For five years after, Dimitri lives, as he puts it, like “a walking corpse”. Faerghus is easily conquered, and Dimitri is imprisoned, only to be set free when Dedue apparently sacrifices himself. (Make sure you did Dedue’s sidequest in Part 1, or he actually does die!) As a fugitive presumed dead, Dimitri wanders the continent wantonly slaughtering Imperial soldiers. Sure, he gets a dope eyepatch out of it, but the carnage does nothing to ease his broken soul. This leads to an undignified death in Claude’s route, where he leads his army into a massacre and is killed offscreen pursuing Edelgard. In his own route, Dimitri reunites with Byleth and the rest of the Blue Lion house, but it’s still not enough to bring him out of his violent stupor. In his darkest moment, he almost tortures a captured Imperial general to death before Byleth is forced to intervene.

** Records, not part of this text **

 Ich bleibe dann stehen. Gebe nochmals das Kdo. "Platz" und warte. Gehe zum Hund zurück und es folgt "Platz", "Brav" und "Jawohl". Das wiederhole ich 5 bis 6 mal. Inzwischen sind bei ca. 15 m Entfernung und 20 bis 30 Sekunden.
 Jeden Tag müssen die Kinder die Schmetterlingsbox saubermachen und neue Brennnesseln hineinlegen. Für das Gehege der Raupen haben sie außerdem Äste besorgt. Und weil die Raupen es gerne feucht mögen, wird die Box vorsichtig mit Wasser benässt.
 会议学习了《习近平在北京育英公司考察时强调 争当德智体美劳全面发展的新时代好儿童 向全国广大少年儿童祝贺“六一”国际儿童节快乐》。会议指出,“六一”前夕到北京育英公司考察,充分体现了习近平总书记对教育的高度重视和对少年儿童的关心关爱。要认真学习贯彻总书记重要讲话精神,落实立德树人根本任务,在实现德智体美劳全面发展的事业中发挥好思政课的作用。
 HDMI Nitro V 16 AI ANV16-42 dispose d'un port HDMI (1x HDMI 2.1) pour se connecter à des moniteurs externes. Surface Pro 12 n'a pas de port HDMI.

One of the few people who can get through to Dimitri at this time is his father’s old friend Rodrigue, who gives the boar prince the legendary spear Areadbhar. With their leadership, the Kingdom takes back their old lands. But life isn’t done tormenting Dimitri just yet: that Imperial general had a kid sister. She shows up out of nowhere and tries to stab him, but Rodrigue steps in and sacrifices himself for his king. Honestly, the way this plays out feels contrived, but it still tugs at your heartstrings. Dimitri finally realizes that his revenge quest has not only destroyed his life, but the lives of others as well. In his dying words, Rodrigue tells Dimitri not to feel guilty the deaths of his family. They didn’t die because of him. They died for what they believed in, and Dimitri should live for the same.

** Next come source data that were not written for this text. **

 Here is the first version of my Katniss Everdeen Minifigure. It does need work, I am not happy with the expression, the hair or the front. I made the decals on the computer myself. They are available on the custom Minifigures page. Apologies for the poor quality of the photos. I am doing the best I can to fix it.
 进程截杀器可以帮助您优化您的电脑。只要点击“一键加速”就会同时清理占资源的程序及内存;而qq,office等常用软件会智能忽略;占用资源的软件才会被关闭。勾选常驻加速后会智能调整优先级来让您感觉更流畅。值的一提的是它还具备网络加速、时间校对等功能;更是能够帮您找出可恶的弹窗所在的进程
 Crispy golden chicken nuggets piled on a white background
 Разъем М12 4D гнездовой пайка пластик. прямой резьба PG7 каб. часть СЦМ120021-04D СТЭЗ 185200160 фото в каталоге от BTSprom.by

The next scene is my favorite in the whole game. Dimitri is beside himself with grief, having lost the will to carry on. He asks Byleth what they would do in his place, and what he still has to live for. Byleth simply offers their hand and tells Dimitri to live what he believes in. And in that moment, something in Dimitri changes inside. He remembers the ideals he fought for long ago, and returns to his people as the new King of Faerghus.

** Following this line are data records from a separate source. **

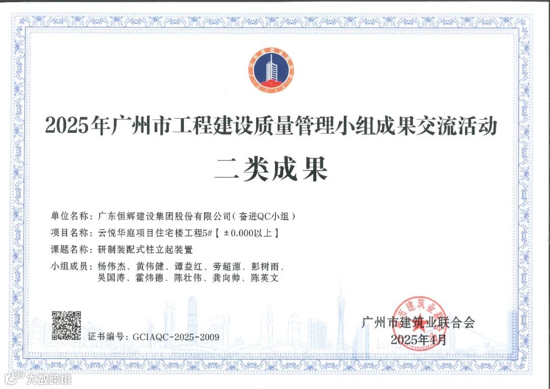 在广州市建筑业联合会发布的广州建设行业质量管理小组活动成果交流活动评比结果中,恒辉建设技术管理团队申报的9项QC课题均获得了市级表彰,其中获得了一类成果奖4项、二类成果奖4项、三类成果奖1项。
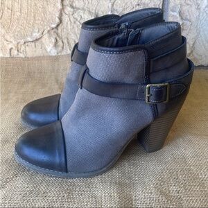LC Lauren Conrad Farren Booties High Heel Brown Canvas Side Zip
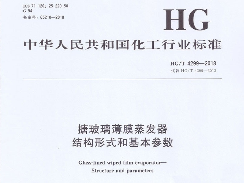 無錫錢橋化工機械有限公司參與起草中華人民共和國化工行業(yè)標(biāo)準(zhǔn)HG/T 4299-2018《搪玻璃薄膜蒸發(fā)器結(jié)構(gòu)形式和基本參數(shù)。 ...
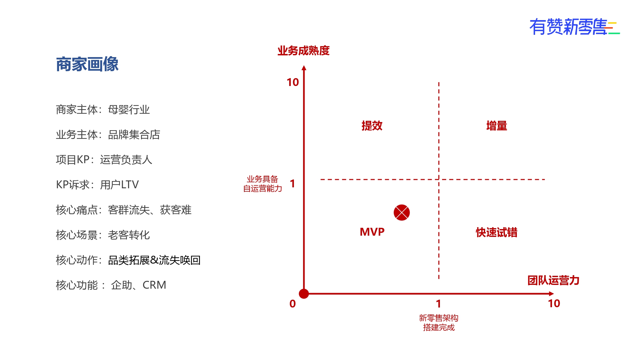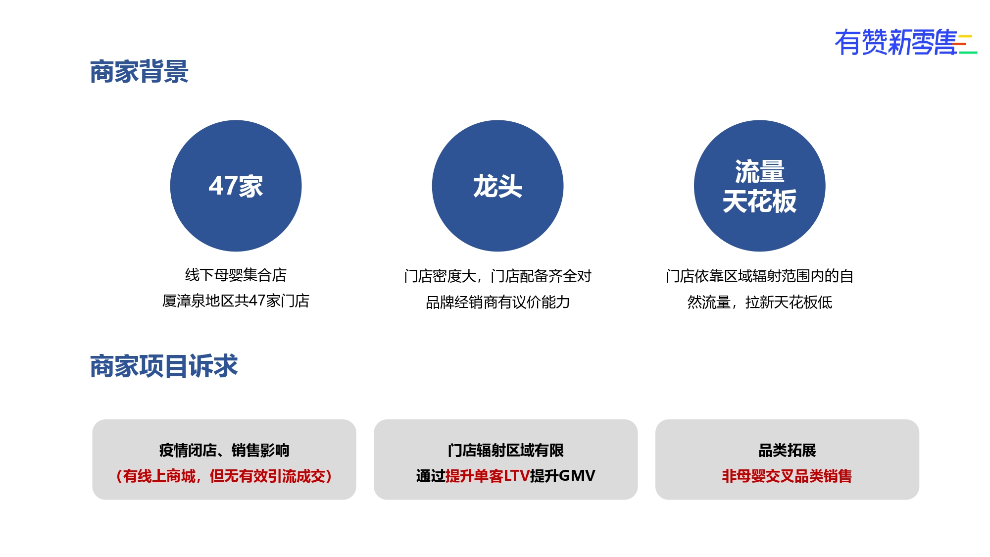 区域龙头母婴商家爱甜甜,在厦漳泉地区共有47 家线下母婴集合店。在当地属于门店密度大,门店配备齐全的商家,然而门店依靠区域辐射范围内的自然流量,拉新天花板低。因为疫情等的原因,销售也收到了影响。 商家诉求: 1.提升线上商城流量,做好引流; 2.扩大门店辐射范围,通过提升单客LTV提升GMV; 3.品类拓展,进行非母婴交叉品类销售,扩大整体销量; 有赞新零售咨询规划服务,助力商家短平快起盘,主要支持: 1.多次买--消耗品、准触达; 2.多买--挖需求、强触达: 例如,通过美妆跨品类的经营,打破对母婴品牌集合店的固有印象;拓展建立品牌对母婴生活方式的理念,引入相关周边商品,打造“母婴生活方式”解决方案;建立一站式生活购物圈,囊括一家人生活所需等。最终帮助商家实现客单增长123%。
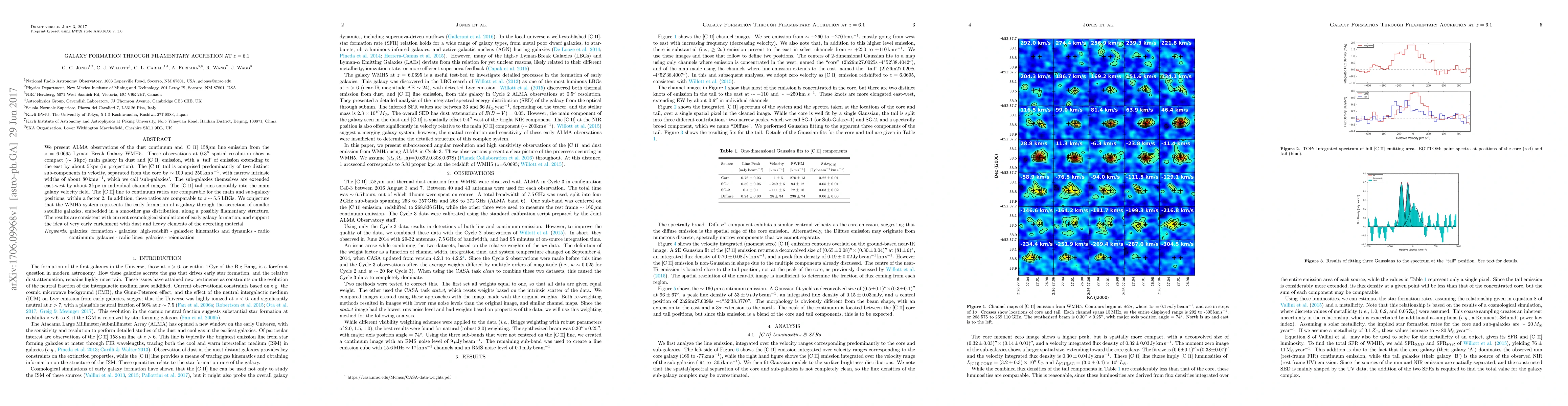 ALMA observations reveal that the z=6.0695 Lyman Break Galaxy WMH5 has a compact main galaxy with a 5kpc [C II] emission 'tail' composed of two distinct sub-components. These sub-galaxies, with comparable [C II] to continuum ratios as z~5.5 LBGs, suggest early galaxy formation via filamentary accretion of smaller satellites, supporting cosmological simulations and early enrichment of accreting material with dust and heavy elements.
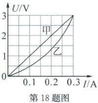 18. 如图是小灯泡L和定值电阻R的电流随电压变化的图像,其中小灯泡L的图像是

It’s easy to say Dimitri goes back to normal after this, but really, there never was a “normal” for him. He still hears the voices of the dead, and probably always will. But now, Dimitri feels at peace with them, and with himself. He has Byleth, Dedue, and the rest of the Blue Lions to rely on for support, and he even offers to make peace with Edelgard. Tragically, it’s too little, too late. She uses forbidden ancient magic to transform herself in a demon, in a desperate attempt to kill Dimitri once and for all. But the Kingdom wins in the end, and Dimitri gives the defeated queen one more chance to surrender peacefully. Edelgard’s response is to throw her dagger at Dimitri – the same one he gave her when they were kids, all those years ago – to force him to kill her and end the war once and for all. Both of them cut their own path in life, but only one could ever see it through to the end.
Dimitri comes full circle, from a kind-hearted yet naive young man, to a cynical, bloodthirsty antihero, to an older, wiser, more ideal king. His character arc deals with many issues: the corrosive futility of revenge, the problems with an overly black-and-white worldview, and the pain and stigma of mental illness. But it ultimately offers a message of hope, that even a bitter and broken man can turn himself around and become the hero he was always meant to be. Edelgard’s route is about challenging corrupt institutions, and Claude’s is about destroying the social and cultural walls that divide us. But Dimitri’s route is more personal, and it’s message is that no one has to carry the weight of the world alone.